▶ Problem to work on
Print every line from the start of the data, and when you reach the line with "Песков заявил, что", include it and stop. Pictures are not part of the copy.

(Data extracted from a collection)
▼
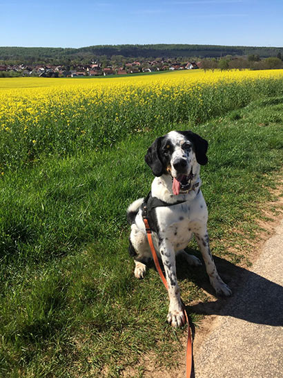 Meine Freunde sagen lächelnd, er sei ein „Angeberhund“. Jedem erzähle ich, dass er aus dem Tierheim kommt. Wir sind ein sehr auffälliges Team und werden oft angesprochen. Gerade in der Corona-Zeit ist es oft mein einziger Außenkontakt mit Menschen und Hunden, wenn ich Spazieren gehe.
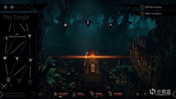 队伍集结完毕以后就可以坐上马车开始我们的冒险旅程了,相对于一代游戏马车只是剧情走了个过场,在2代中“开车”将会伴随游戏的全程,虽然这个开车过程事实上产生的意义有限(部分场景压过去会掉san,部分会几率获得道具)。我们可以在上图左侧看到:类似于杀戮尖塔,《暗黑地牢2》同样是由约3纵列构成的交错路线,其中包含了战斗、难民、商人、医院和随机事件等环节要素。
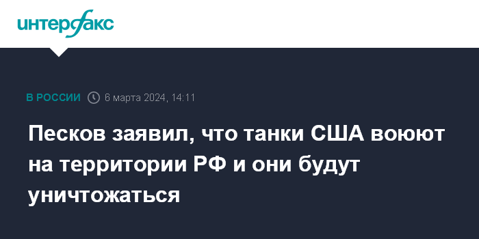 Песков заявил, что танки США воюют на территории РФ и они будут уничтожаться
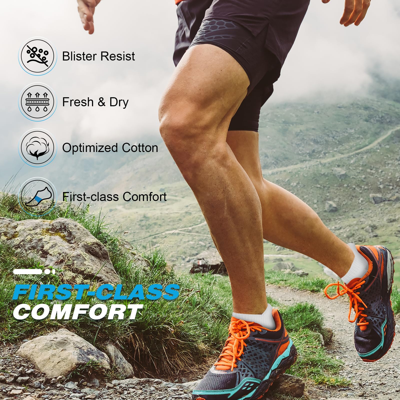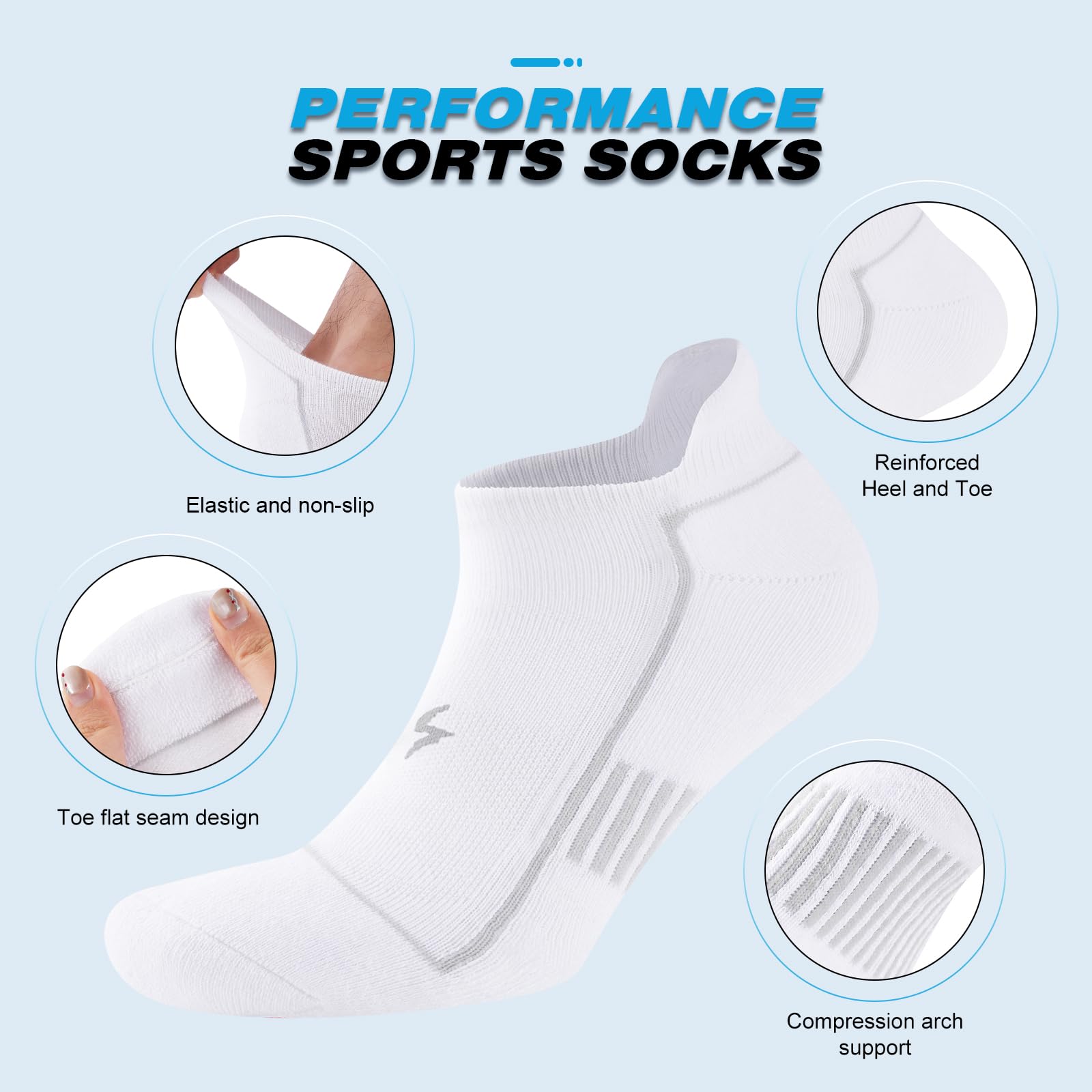 Anti-Slip & Arch Support: Featuring ribbed cuffs and arch support, these athletic socks ensure a secure and comfortable fit. The compression band molds to your foot, keeping the socks in place whether you're running, walking, cycling, working out, or just tackling daily activities
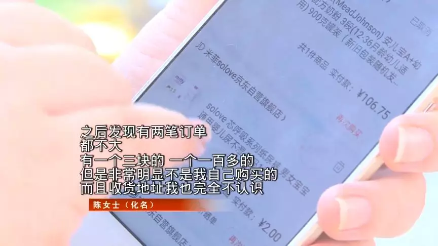 陳女士表示,昨天上午看到已派送的兩個(gè)訂單,有奶粉和尿不濕,這都不是自己購買的。
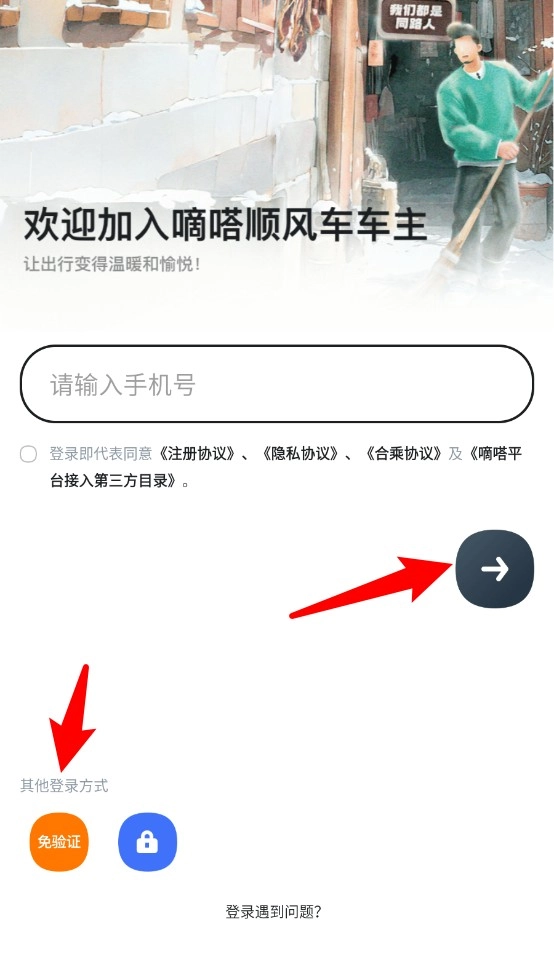 1、打开页面后输入手机号并勾选协议,再点击箭头按钮即可快速注册成为嘀嗒顺风车车主。
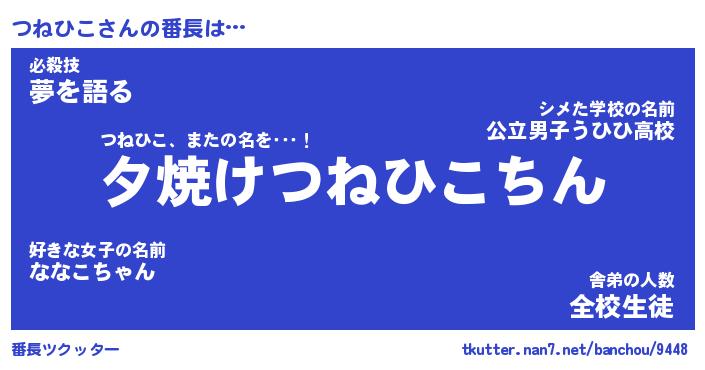 | 意味不明あだ名 | 『ペロリンつねひこ』『永久保存つねひこ』 |
▲
▶ Solution to the exercise
 Meine Freunde sagen lächelnd, er sei ein „Angeberhund“. Jedem erzähle ich, dass er aus dem Tierheim kommt. Wir sind ein sehr auffälliges Team und werden oft angesprochen. Gerade in der Corona-Zeit ist es oft mein einziger Außenkontakt mit Menschen und Hunden, wenn ich Spazieren gehe.
 队伍集结完毕以后就可以坐上马车开始我们的冒险旅程了,相对于一代游戏马车只是剧情走了个过场,在2代中“开车”将会伴随游戏的全程,虽然这个开车过程事实上产生的意义有限(部分场景压过去会掉san,部分会几率获得道具)。我们可以在上图左侧看到:类似于杀戮尖塔,《暗黑地牢2》同样是由约3纵列构成的交错路线,其中包含了战斗、难民、商人、医院和随机事件等环节要素。
 Песков заявил, что танки США воюют на территории РФ и они будут уничтожаться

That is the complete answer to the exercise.